My heart is heavy the riot of colors remind me of the bundle of contradictions exiles go through. Perhaps the unbearable heaviness is harder for me as I witness the full blooming of the surroundings while I think thoughts of home, the home I remember, the home I miss--the home and homeland mixing up and oneing in my mind.
Today, I decided to pass through the long route to the University for this Sunday work on readings and more readings and research and more research in my office. I have one purpose: to enjoy the view from the elevated airport highway, the April showers with their yellows so proudly jutting out of the edges of the highway and reaching out to the sunny and cloudless skies of Honolulu. It has been a while that I did not take this long route to the University, avoiding the jam on the approach to Likelike and the winding road moving south, past airplanes and tarmacs and cement and the heat. The Red Hill on an alternative route is far better with its trees and shrubs and flowers and country loneliness.

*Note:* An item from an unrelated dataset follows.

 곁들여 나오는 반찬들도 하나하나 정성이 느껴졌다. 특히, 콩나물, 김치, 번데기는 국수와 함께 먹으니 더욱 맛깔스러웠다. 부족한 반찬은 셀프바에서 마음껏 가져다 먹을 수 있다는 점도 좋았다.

Sundays I got to work. I like the University better when I can claim it is all mine on a Sunday like this, when students are not expected to call even if sometimes some do, knowing my secret that Sundays I come to write, to read, and to post blogs that sometimes I struggle to write.

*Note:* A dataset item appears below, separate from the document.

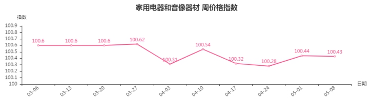 本周,家用电器和音像器材类周价格指数收于100.43点,环比下跌0.01点。其中,厨房电器类、个人生活电器类、家居电器类、热水器类、音像器材类指数分别下跌0.19、0.18、0.06、0.04、0.01点,制冷电器类、净化电器类指数分别上涨0.64、0.45点。

I like the illusion that Sundays are all mine even if sometimes this statement is not true. The illusion has something to do with the contract--all in the mind anyway--that University teachers are to teach from Monday to Friday. But when you run a heritage language and culture program like I do, forget that illusion. Weekends could not have their Saturday and Sunday names many times, as these are extensions of weekday work.
But the Sundays that no one bothers me, I come to think, pray, read, write.
The solitude is what moves me--I have time in my hands, space in my hands, aloneness all of my own, presumably, with no interruptions.
Well, some friends know that I come to the University to work and they do call as well, making me a 24/7 worker, a 7/31 laborer, and a 12/365 public servant for this new land that has somehow welcomed me as its own.
When things like this happen, I feel like a newly arrived immigrant from England, from Ireland, from Scotland, from all white places of the while settlers trying to tame the wild in these parts. We are kindred spirits now, I tell myself, and I tell that in honor of their memory.
I think of the first settlers of Jamestown in Virginia, they who came from from England in search of materials goods, wealth, and the good life. Oh, these ideas of migration is what drives us exiles and immigrants to seek the ways to pursue these ideas. Knowing the settlers of Jamestown from my trip to that settlement last year and the feature article on Time, I feel the contours of the challenges that settlers went through, with a drought that lasted for a long time, and with the James River providing drinking water, dysentery, death. I walked Jamestown's firefly lit colonial center, the place where the settlers first anchored, the historical marker telling us exactly of the frozen time. Human history, indeed, is eternal, as time is.
But back to this Sunday's morning ceremony.
I took the long road with its tradeoff: the yellow of the April showers that line the stretch of the airport highway.
The flowers are fiery and feisty even in the midmorning sun, with only a whiff of fresh air from the sea to my right and from the mountains on my left. You pull down the visor to block the rays and to protect you from the pearly rays that hit the cement as you gas up a bit to let you the wind be on your face. You take in all the air, fresh in this morning hours, and you remember the fresh air of the Pagudpud see, the fresh air of Davila in Pasuquin where you did your ethnolinguistic fieldwork a long time ago, and the fresh air of the Padsan River in Laoag where the mountains in the east were not yet raped by loggers and rapacious leaders who only knew how to count the commission money for looking the other way around when ancient trees go the way of lumbers and board feets and sala sets, this last one a tropy for the rich and the nouveau rich.